:: Input data ::
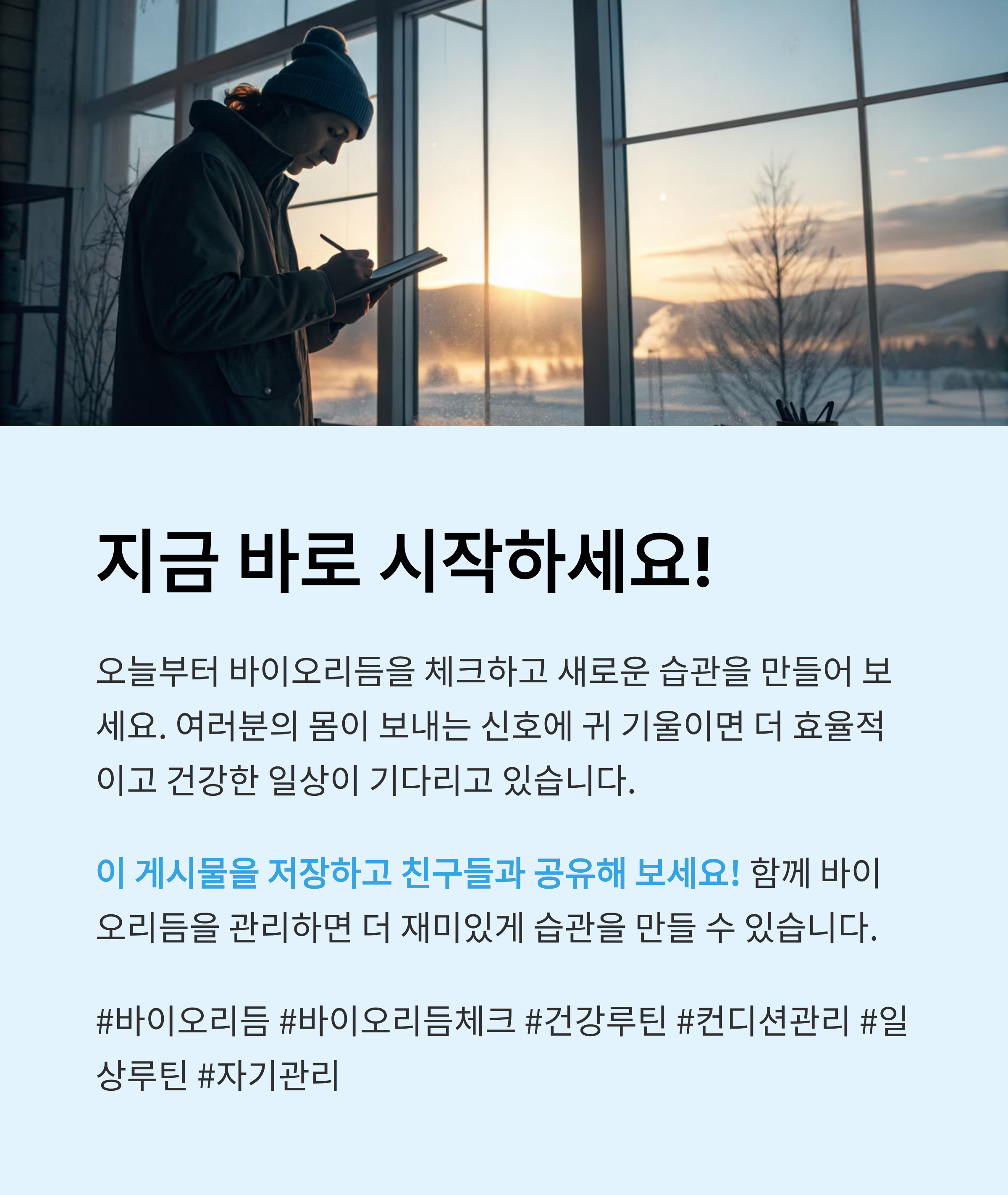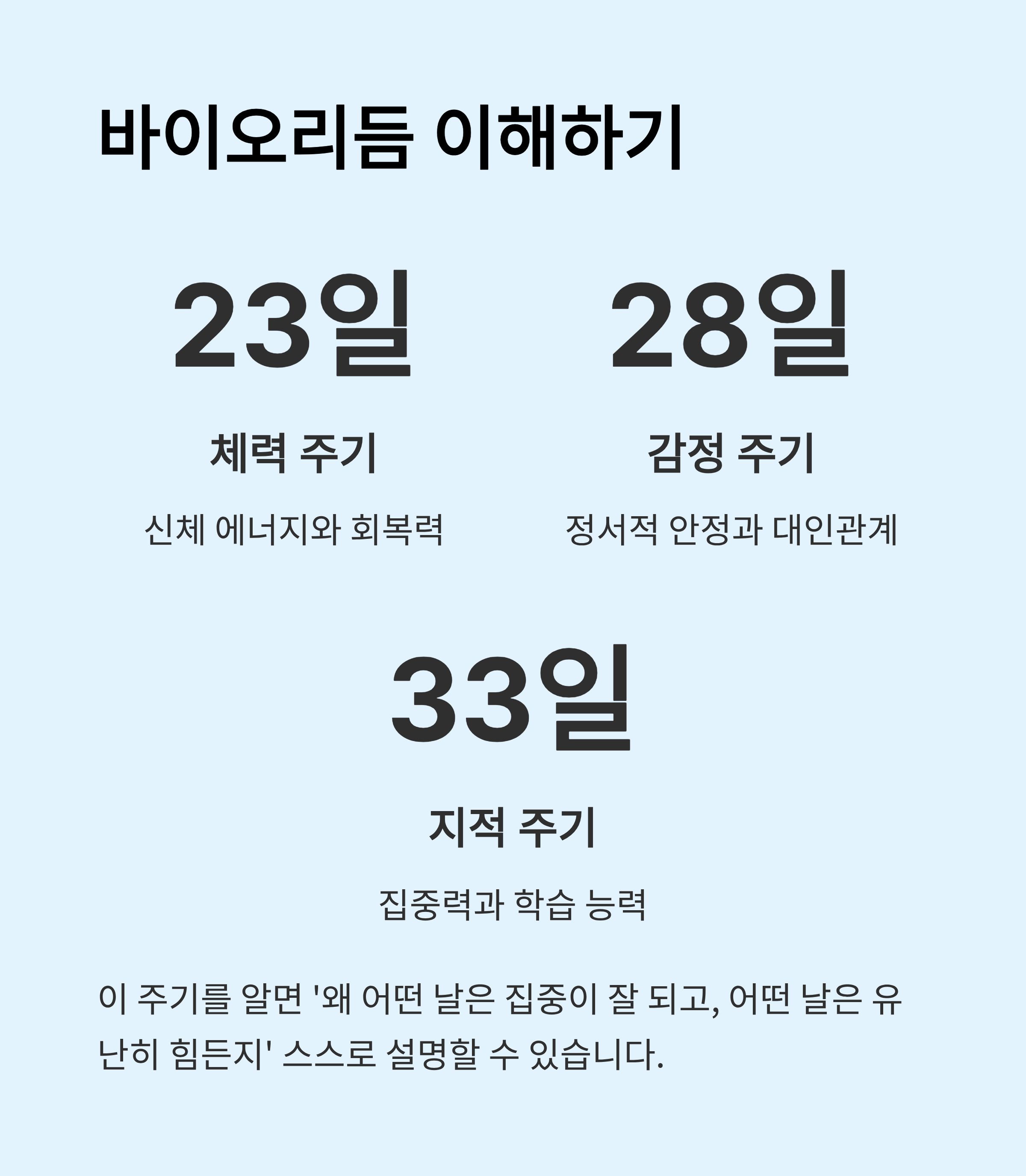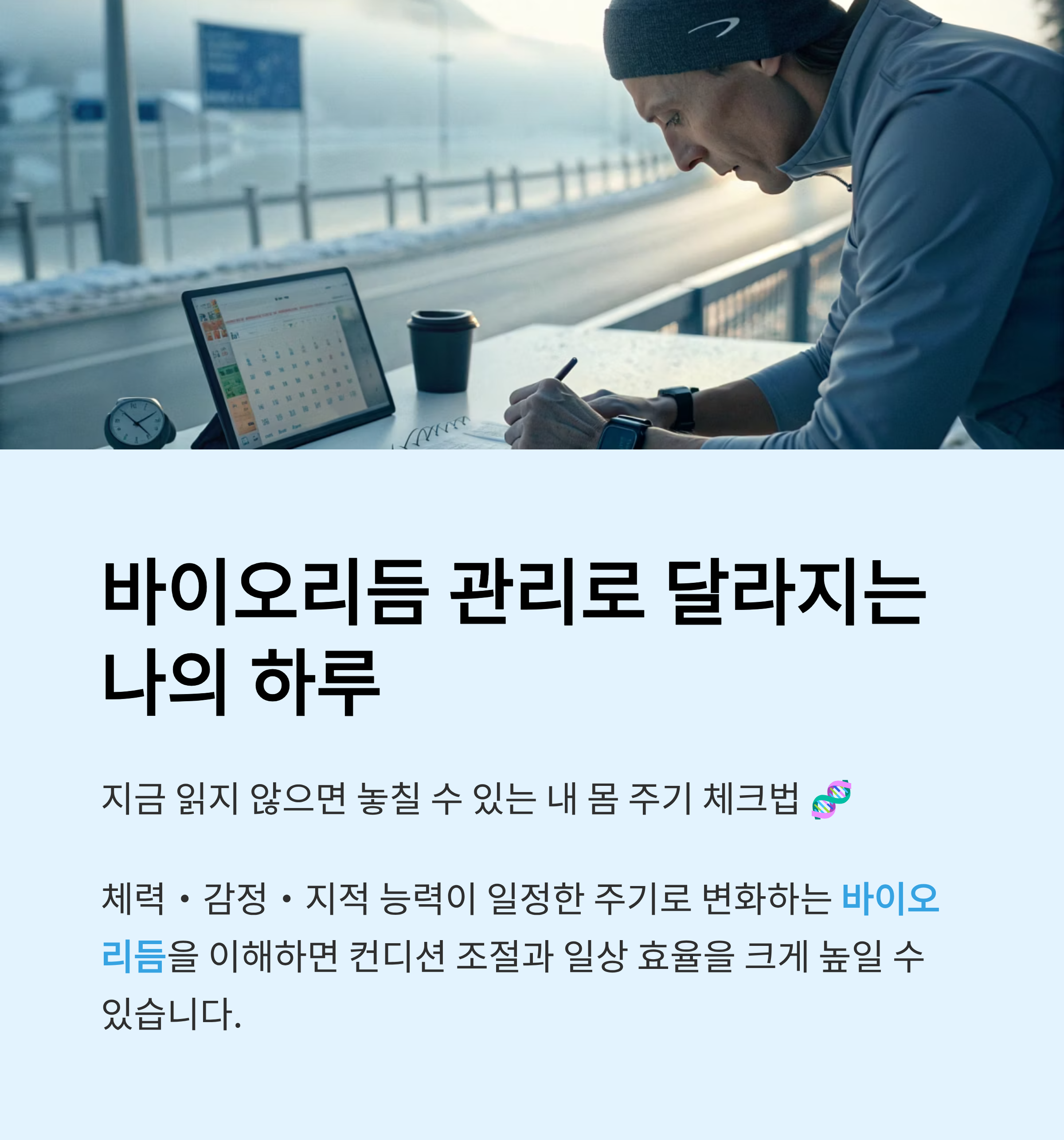 매일 같은 하루 같아 보여도 사실 우리 몸은 늘 다른 신호를 보냅니다. 🧬 바이오리듬을 이해하고 관리하면 컨디션과 집중력을 높여 더 효율적인 하루를 만들 수 있습니다. 지금 바로 내 몸의 리듬을 체크해보세요!
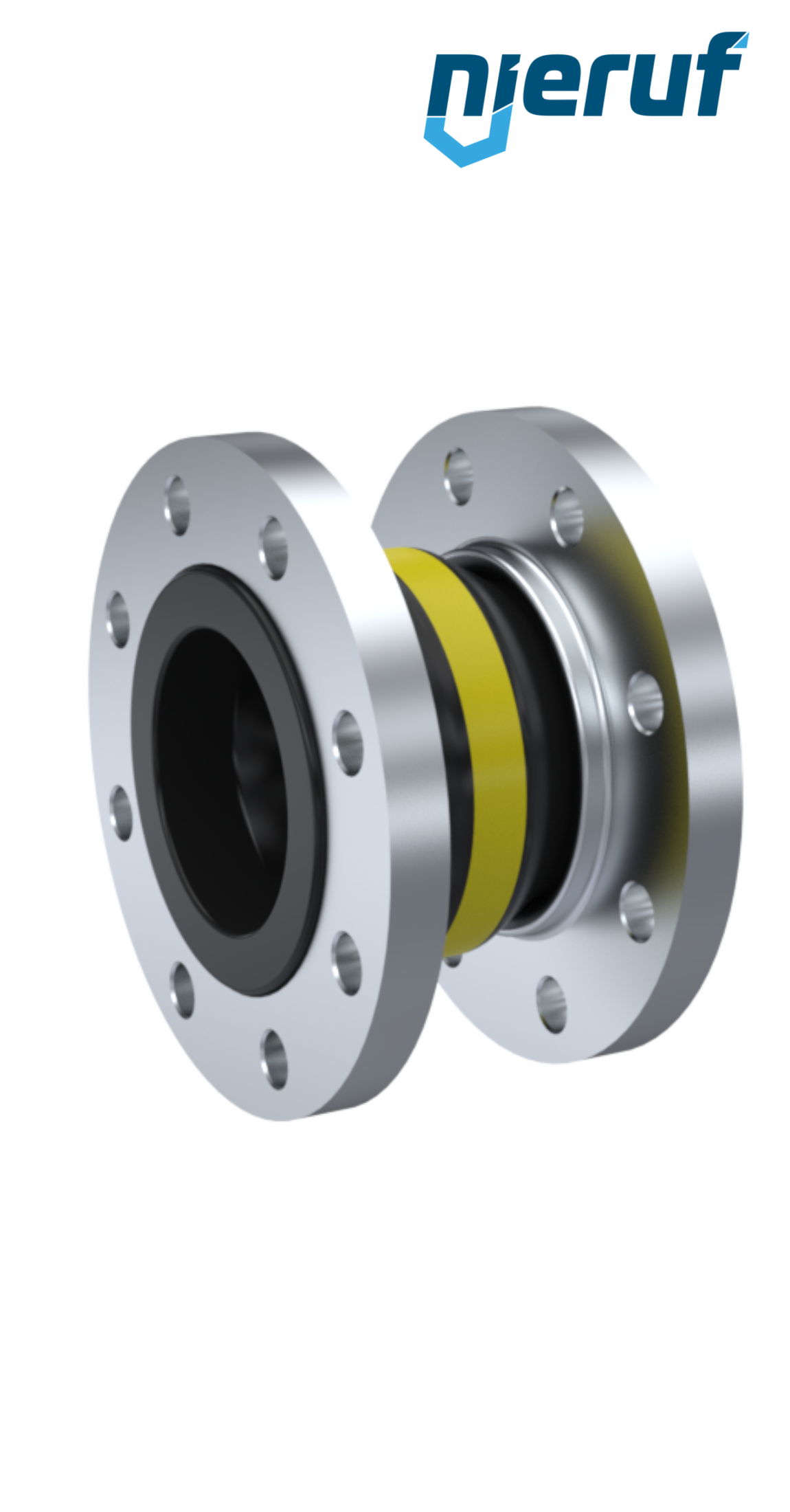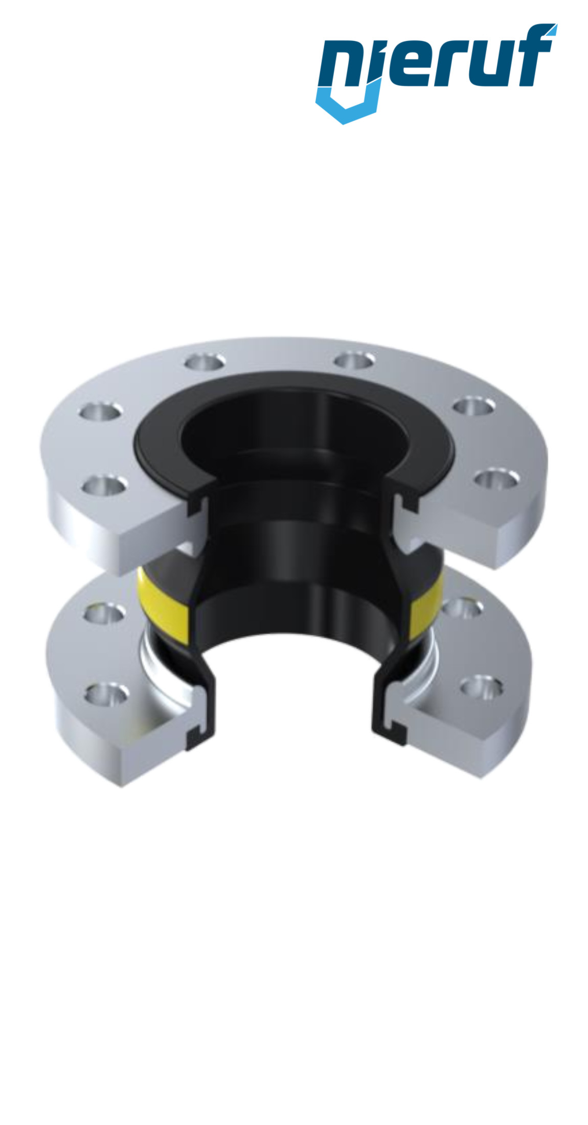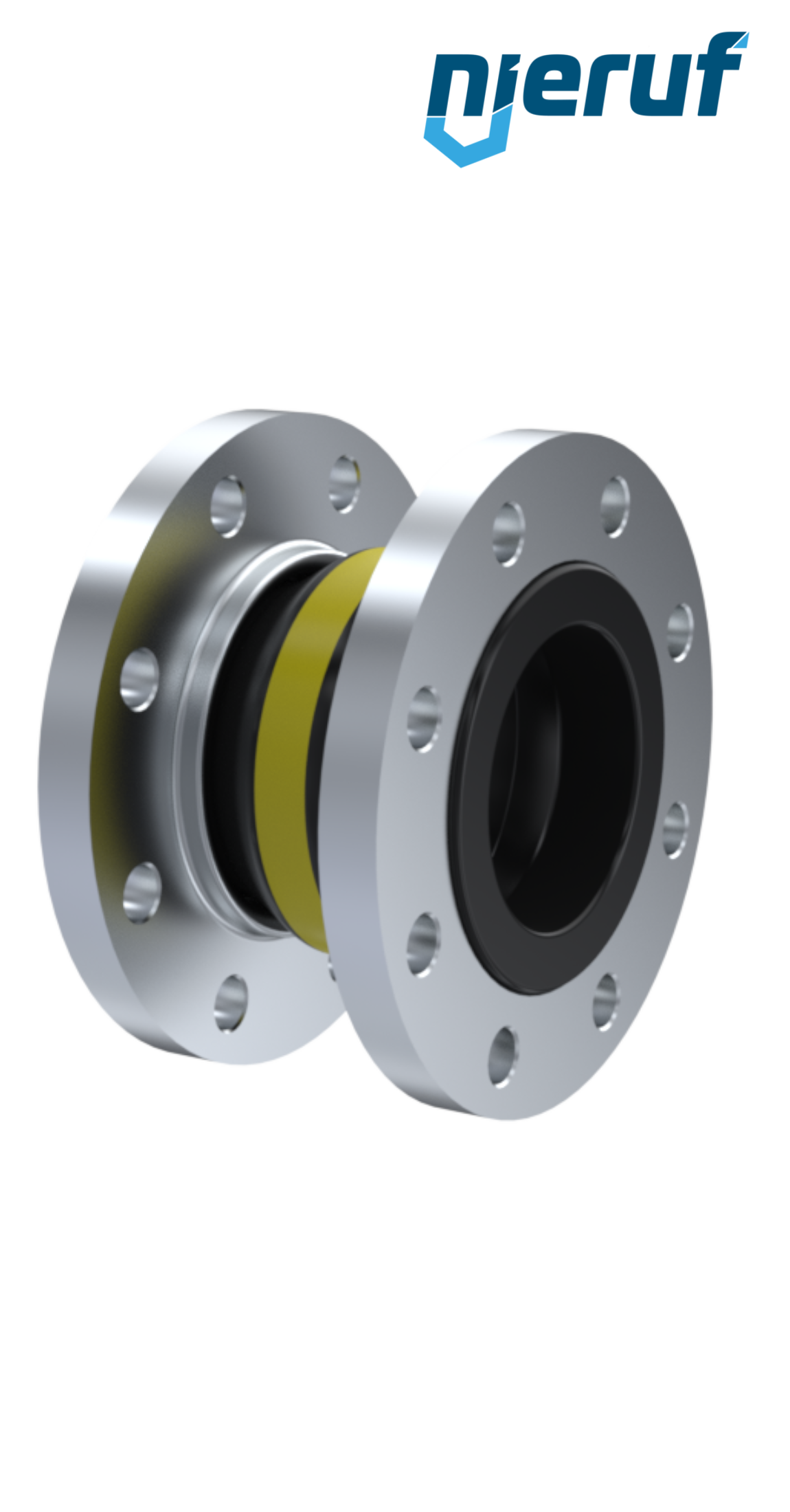 Compensatore in gomma di alta qualità con guarnizione in NBR e flange in acciaio inossidabile. Questa versione può essere ampliata con un rivestimento in PTFE, anelli di supporto del vuoto e altre opzioni su richiesta.
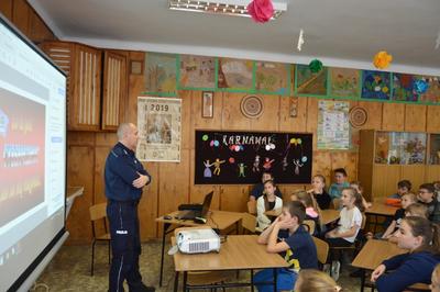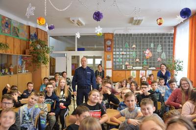 30 stycznia 2019 r. w Naszej szkole odbyło się spotkanie z funkcjonariuszem Komendy Powiatowej Policji w Hrubieszowie, aspirantem sztabowym Jarosławem Karkuszewskim. Podczas prelekcji uczniowie klas 3 - 8 uzyskali cenne informacje na tematy: „Cyberprzemocy”, „Odpowiedzialności nieletnich za popełnianie czynów karalnych i przejawy demoralizacji” oraz „Bezpieczeństwa w czasie ferii na śniegu, wodzie i drodze”
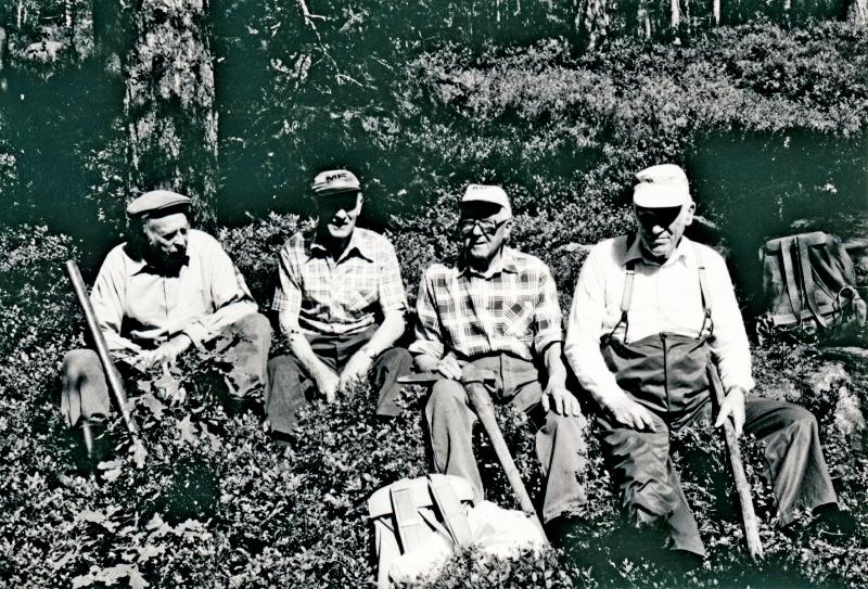 Pensjonistforeningens dugnad langs Pensjoniststien på Tolerudåsen. Her en pust i bakken på “Markusplassen”. Personer på bilde fra venstre: Markus Johnsrud, Bjarne Steen, Bjarne Thoresen og Hans Steen.
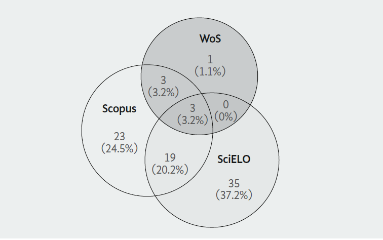 Otro aspecto a destacar es que la participación de las revistas iberoamericanas es diferente en cada una de las bases de datos. De las 94 revistas identificadas en las tres bases de datos, sólo hay tres revistas que llegaron a participar simultáneamente en las tres bases de datos; si bien, en 2015 dos de ellas ya no participaban en el WoS. Por su parte, Scopus es la base de datos que comparte el mayor número de revistas con las otras dos bases de datos: 13 revistas con el WoS y 19 revistas con SciELO. A su vez, SciELO es la base de datos que contiene el mayor número de revistas iberoamericanas que no han participado en las otras bases de datos durante el periodo de análisis, con un total de 35; le sigue Scopus con 23 revistas y finalmente el WoS, sólo tiene una revista que no participa en las otras bases de datos.
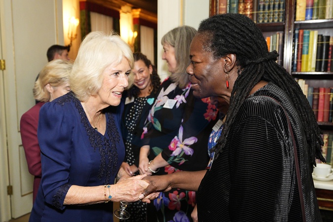 Queen Camilla speaking with Ann Graham from the Association of Directors of Children Services during a reception to celebrate the centenary of BookTrust, at Clarence House, London. Picture date: Tuesday October 14, 2025., Credit:Aaron Chown / Avalon

:: Work instructions ::
Please retype the whole of the data precisely, omitting pictures.

:: Written solution ::
 매일 같은 하루 같아 보여도 사실 우리 몸은 늘 다른 신호를 보냅니다. 🧬 바이오리듬을 이해하고 관리하면 컨디션과 집중력을 높여 더 효율적인 하루를 만들 수 있습니다. 지금 바로 내 몸의 리듬을 체크해보세요!
 Compensatore in gomma di alta qualità con guarnizione in NBR e flange in acciaio inossidabile. Questa versione può essere ampliata con un rivestimento in PTFE, anelli di supporto del vuoto e altre opzioni su richiesta.
 30 stycznia 2019 r. w Naszej szkole odbyło się spotkanie z funkcjonariuszem Komendy Powiatowej Policji w Hrubieszowie, aspirantem sztabowym Jarosławem Karkuszewskim. Podczas prelekcji uczniowie klas 3 - 8 uzyskali cenne informacje na tematy: „Cyberprzemocy”, „Odpowiedzialności nieletnich za popełnianie czynów karalnych i przejawy demoralizacji” oraz „Bezpieczeństwa w czasie ferii na śniegu, wodzie i drodze”
 Pensjonistforeningens dugnad langs Pensjoniststien på Tolerudåsen. Her en pust i bakken på “Markusplassen”. Personer på bilde fra venstre: Markus Johnsrud, Bjarne Steen, Bjarne Thoresen og Hans Steen.
 Otro aspecto a destacar es que la participación de las revistas iberoamericanas es diferente en cada una de las bases de datos. De las 94 revistas identificadas en las tres bases de datos, sólo hay tres revistas que llegaron a participar simultáneamente en las tres bases de datos; si bien, en 2015 dos de ellas ya no participaban en el WoS. Por su parte, Scopus es la base de datos que comparte el mayor número de revistas con las otras dos bases de datos: 13 revistas con el WoS y 19 revistas con SciELO. A su vez, SciELO es la base de datos que contiene el mayor número de revistas iberoamericanas que no han participado en las otras bases de datos durante el periodo de análisis, con un total de 35; le sigue Scopus con 23 revistas y finalmente el WoS, sólo tiene una revista que no participa en las otras bases de datos.
 Queen Camilla speaking with Ann Graham from the Association of Directors of Children Services during a reception to celebrate the centenary of BookTrust, at Clarence House, London. Picture date: Tuesday October 14, 2025., Credit:Aaron Chown / Avalon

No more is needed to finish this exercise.